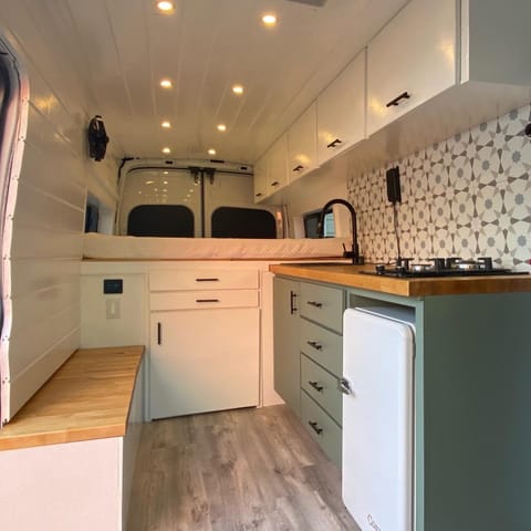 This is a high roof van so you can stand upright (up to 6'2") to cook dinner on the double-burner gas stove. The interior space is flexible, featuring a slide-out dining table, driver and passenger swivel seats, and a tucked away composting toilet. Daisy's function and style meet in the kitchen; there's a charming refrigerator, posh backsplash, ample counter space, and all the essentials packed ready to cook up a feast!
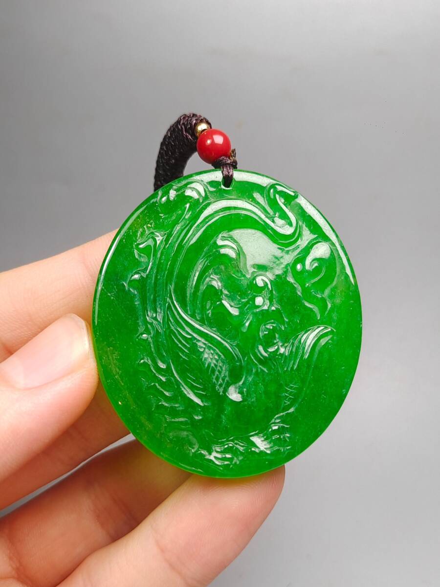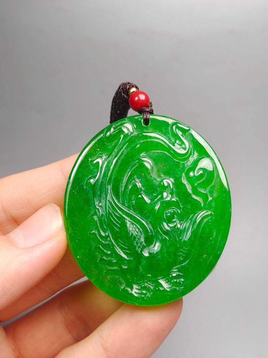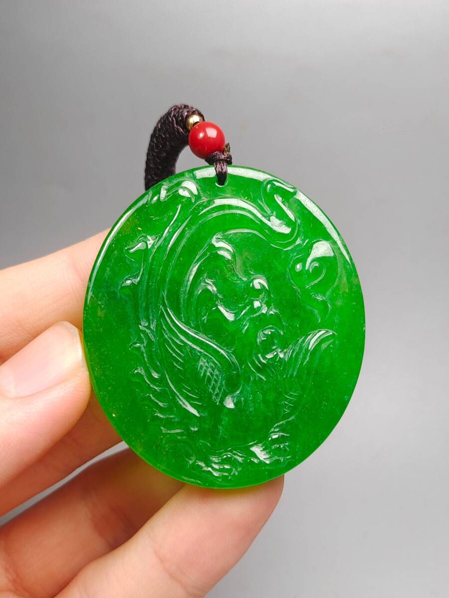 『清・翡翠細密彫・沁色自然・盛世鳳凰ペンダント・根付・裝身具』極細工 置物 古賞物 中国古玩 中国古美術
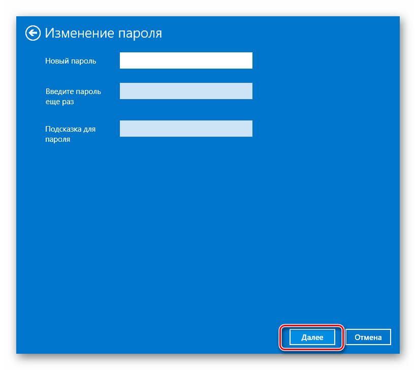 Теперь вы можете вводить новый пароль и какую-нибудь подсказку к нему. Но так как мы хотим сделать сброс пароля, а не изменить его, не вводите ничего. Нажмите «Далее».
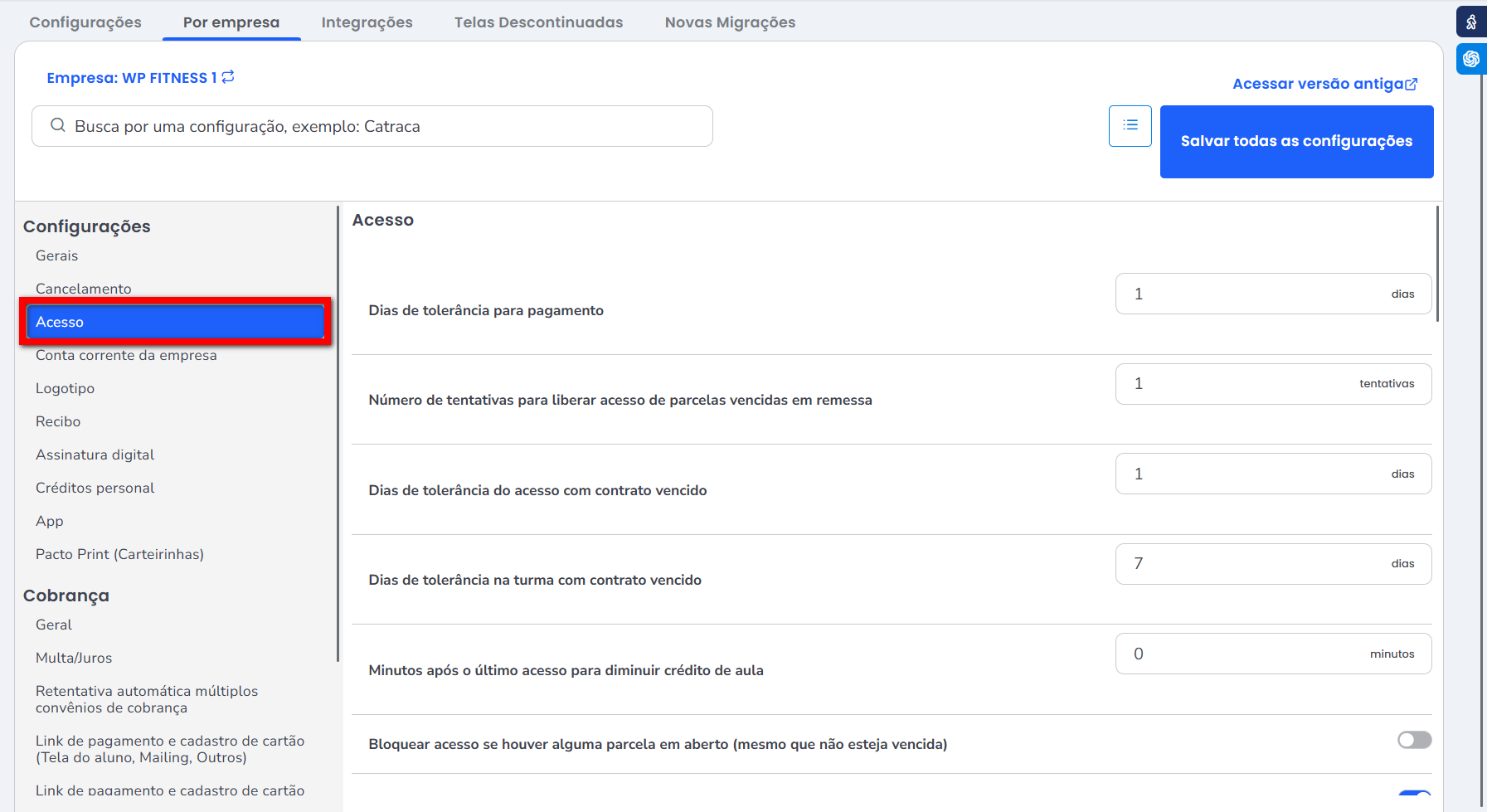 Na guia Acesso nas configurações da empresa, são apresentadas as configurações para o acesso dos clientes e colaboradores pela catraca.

• _TASK DIRECTIONS_:
Leave the pictures out and transcribe the remaining material exactly.

• _TASK RESULT_:
 This is a high roof van so you can stand upright (up to 6'2") to cook dinner on the double-burner gas stove. The interior space is flexible, featuring a slide-out dining table, driver and passenger swivel seats, and a tucked away composting toilet. Daisy's function and style meet in the kitchen; there's a charming refrigerator, posh backsplash, ample counter space, and all the essentials packed ready to cook up a feast!
 『清・翡翠細密彫・沁色自然・盛世鳳凰ペンダント・根付・裝身具』極細工 置物 古賞物 中国古玩 中国古美術
 Теперь вы можете вводить новый пароль и какую-нибудь подсказку к нему. Но так как мы хотим сделать сброс пароля, а не изменить его, не вводите ничего. Нажмите «Далее».
 Na guia Acesso nas configurações da empresa, são apresentadas as configurações para o acesso dos clientes e colaboradores pela catraca.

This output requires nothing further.